American mechanical engineer

Johné Michelle Parker (born 1964) is an American mechanical engineer and advocate for minority participation in STEM fields, whose research has included work on surface coatings and their defects, computer vision, smart manufacturing, and wireless systems. She is an associate professor at the University of Kentucky, in the Department of Mechanical and Aerospace Engineering, and associate dean for access, community and engagement in the Stanley and Karen Pigman College of Engineering.

==Education and career==
Parker is originally from Montgomery, Alabama, where she was born in 1964, and grew up in Tuskegee, Alabama.

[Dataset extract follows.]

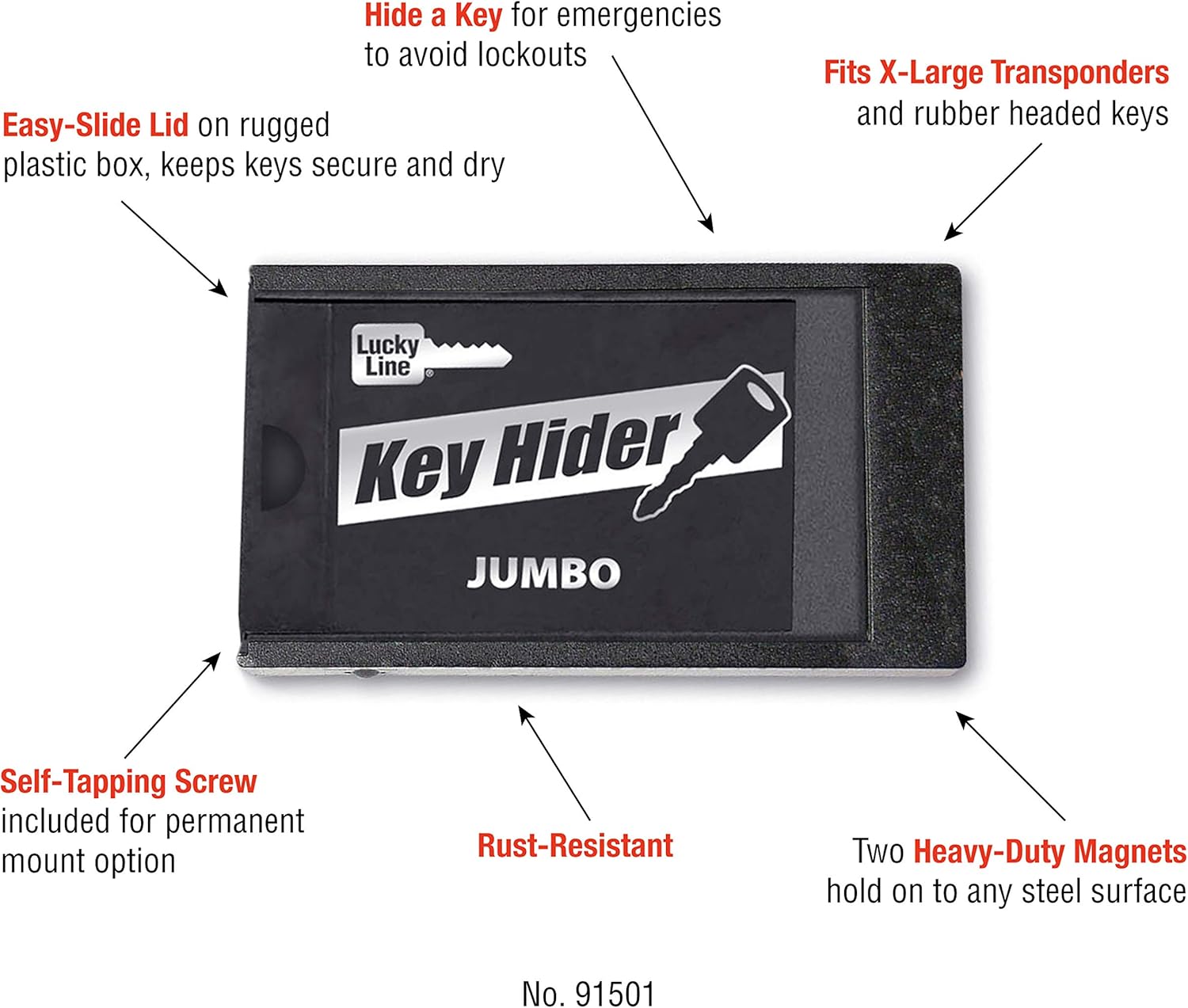 Introducing the Lucky Line Jumbo Magnetic Key Hider (91501) – designed to securely hold larger keys and transponders. Say goodbye to the hassle of misplaced keys with this convenient case holder. Get peace of mind knowing your keys are safe and easily accessible with this reliable product from Lucky Line.

After a year of study at the Tuskegee University, she became an undergraduate at Georgia Tech, receiving a bachelor's degree in mechanical engineering in 1985. After working in the oil industry from 1984 to 1990, she returned to graduate study in mechanical engineering at Georgia Tech, and completed her Ph.D. there in 1996. Her dissertation, An analytical and experimental investigation of physically accurate synthetic images for machine vision design, was supervised by Kok-Meng Lee and Holly Rushmeier.

She became an assistant professor of mechanical engineering at the University of Kentucky in 1996, and was promoted to associate professor in 2002. She became acting associate dean for diversity, equity and inclusion (subsequently retitled as associate dean for access, community and engagement ) in 2022.

In 2005–2006 she took a sabbatical to serve as an American Association for the Advancement of Science (AAAS) and American Society of Mechanical Engineers (ASME) Congressional Fellow, in the office of North Dakota Senator Byron Dorgan. She has also lead efforts to promote minority participation in STEM through The Kentucky–West Virginia Louis Stokes Alliance for Minority Participation.

==Recognition==
Parker was named as an ASME Fellow, in its 2026 class of fellows.